Work request: Reproduce exactly, and only, the lines below from the one containing "Diamond Engagement Ring" through the one containing "Комплект сако с".

Provided entries:
+-------+

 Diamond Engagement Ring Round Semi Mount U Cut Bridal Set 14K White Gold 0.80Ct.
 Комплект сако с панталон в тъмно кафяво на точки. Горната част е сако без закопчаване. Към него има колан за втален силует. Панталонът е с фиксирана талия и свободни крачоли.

+-------+

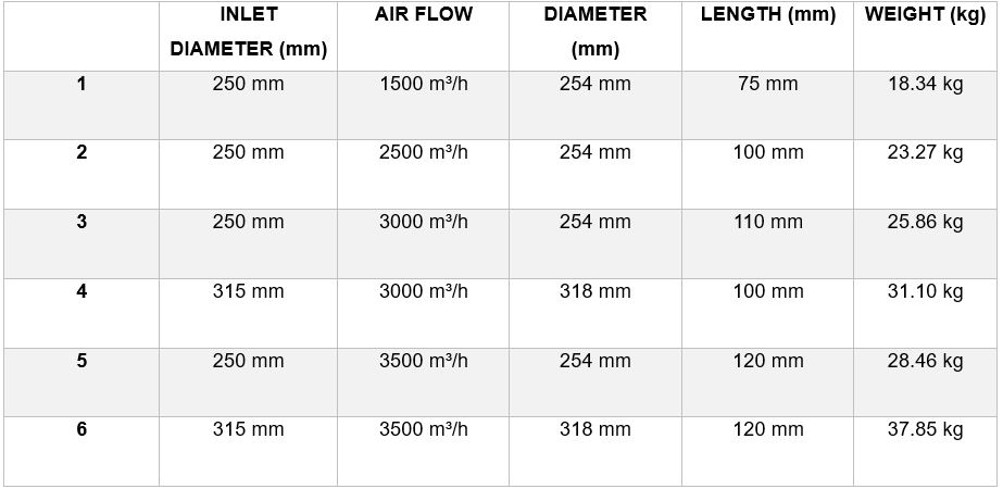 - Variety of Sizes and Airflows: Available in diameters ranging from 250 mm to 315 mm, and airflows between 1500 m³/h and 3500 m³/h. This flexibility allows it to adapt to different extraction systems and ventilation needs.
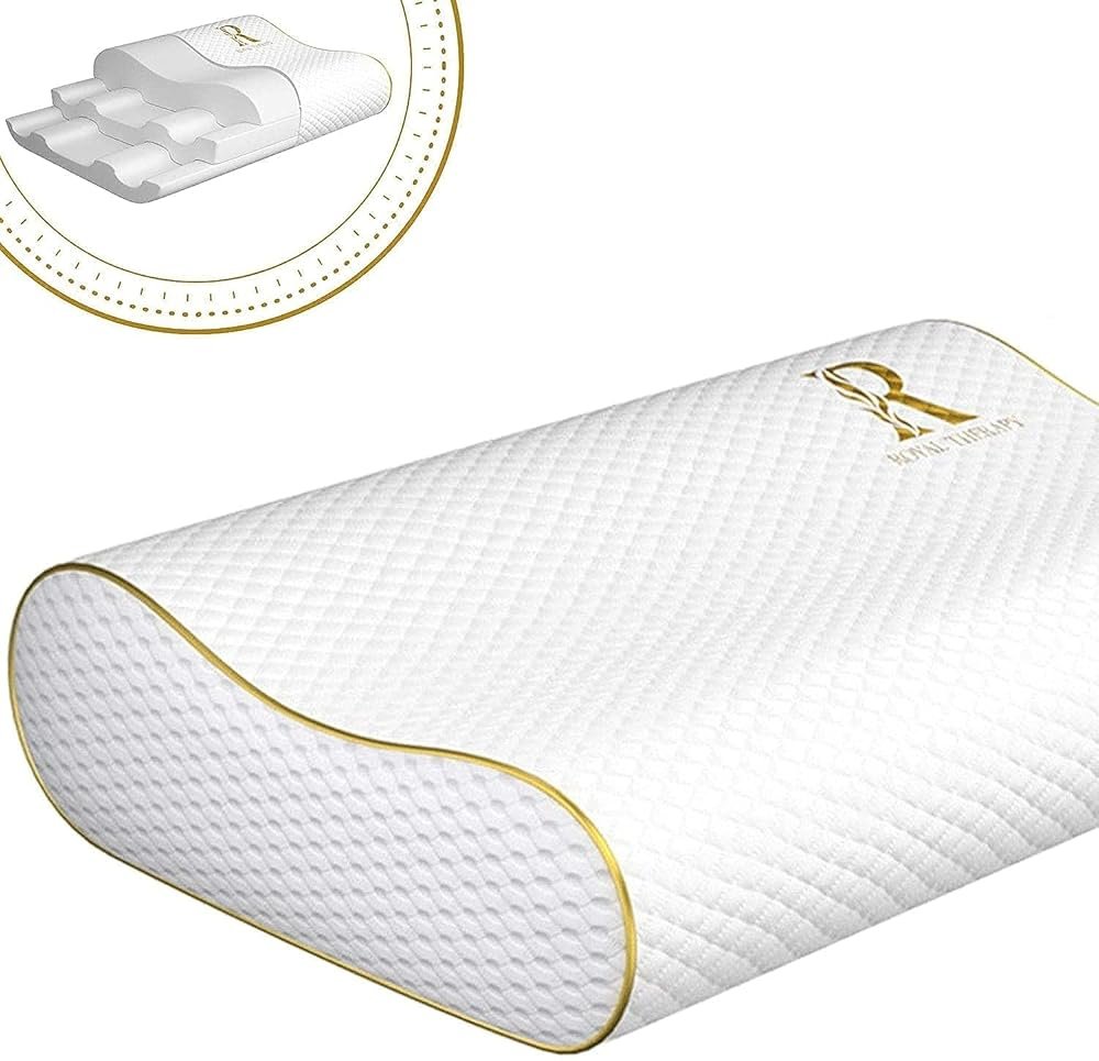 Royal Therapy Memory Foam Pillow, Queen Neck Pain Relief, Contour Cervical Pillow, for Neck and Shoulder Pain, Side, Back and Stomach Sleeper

+-------+

Exercise result:
 Diamond Engagement Ring Round Semi Mount U Cut Bridal Set 14K White Gold 0.80Ct.
 Комплект сако с панталон в тъмно кафяво на точки. Горната част е сако без закопчаване. Към него има колан за втален силует. Панталонът е с фиксирана талия и свободни крачоли.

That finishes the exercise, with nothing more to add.